Пушкин, по мнению Мережковского, «как враг черни, как рыцарь вечного духовного аристократизма, безупречнее и бесстрашнее Байрона. Подобно Гете, Пушкин и здесь, как во всем, тверд, ясен и верен природе своей до конца:

Молчи, бессмысленный народ,
Поденщик, раб нужды, забот!
Несносен мне твой ропот дерзкий,
Ты червь земли, не сын небес;
Тебе бы пользы всё – на вес
Кумир ты ценишь Бельведерский.
Ты пользы, пользы в нем не зришь.
Но мрамор сей ведь – бог!.. так что же?
Печной горшок тебе дороже:
Ты пищу в нем себе варишь»[9].

Но, по-моему, Пушкин никогда не становится окончательно на сторону какой-то одной правды: он откликается «на всякий звук». Не так уж трудно отыскать у него мотивы самого трогательного сочувствия к «рабам нужды». Он лишь не хочет, чтобы их заботы отменили иные потребности человеческого духа.

Но как же досталось Пушкину от Писарева за этот пресловутый печной горшок! «Ну, а ты, возвышенный кретин, ты, сын небес, ты в чем варишь себе пищу, в горшке или в Бельведерском кумире?.. Или, может быть, ты скажешь, что совсем не твое дело рассуждать о пище, и отошлешь нас за справками к твоему повару?» – снова гневное указание на социальное неравенство, за счет которого живет святое искусство. И что можно было возразить против этого? Нужно быть глупым ханжой, чтобы спорить с тем, что человеку необходимо быть сытым. Но кем нужно быть, чтобы считать, что ему этого достаточно? В богатых, «сытых» странах чаще всего бывает гораздо больше самоубийц, алкоголиков, наркоманов, чем в бедных и отсталых, – значит, человеческая душа просит и еще чего-то, кроме сытости! И все же права «печного горшка» были столь неоспоримы, что я в свое время пропустил мимо ушей замечание Герцена: «Радуюсь, что псковский оброк дал возможность воспитать Пушкина».

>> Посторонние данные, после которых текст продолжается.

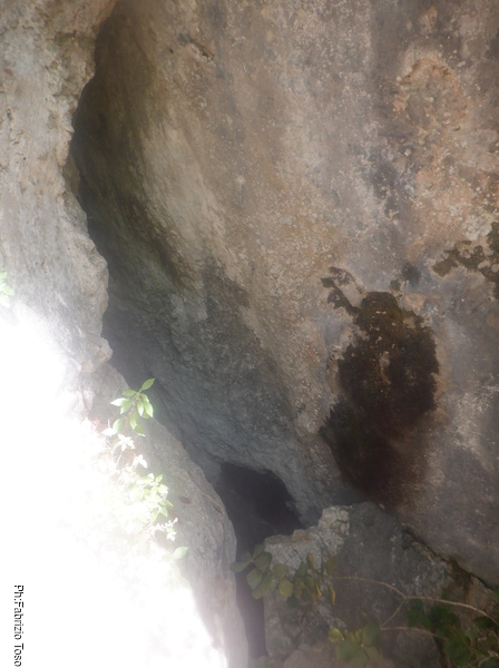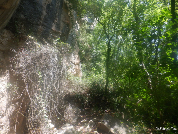 Siamo ora alla base della parete di roccia. Un rapido esame nella direzione dove dovremmo andare per trovare la grotta ci sconsiglia vivamente di proseguire, e’ un intrico di quei tenacissimi spini che chiamo “stracciabraghe”. E’ impossibile passare oltre.

Вдобавок Писарев, «шестидесятник» прошлого века, был бы своим человеком для «шестидесятников» века нынешнего: превозносил естественные науки, способные преобразовать мир, призывал трудиться для общечеловеческой солидарности, намекая на растущее социалистическое учение. Был и лично готов на жертвы: провел четыре года в Петропавловской крепости, откуда вышел с расстроенным здоровьем, и в 1868 году утонул во время купания, не дожив до тридцати лет. Прямо злой рок какой-то: радетели за обиженный народ, за права «печного горшка», были пламенными, почти исступленными пророками, часто подкреплявшими свою проповедь еще и мученической судьбой, а защитники, условно выражаясь, «чистой красоты» то и дело впадали в пошловатое благодушествование. И потом – их так легко было заподозрить в корыстной защите собственных («дворянских») привилегий…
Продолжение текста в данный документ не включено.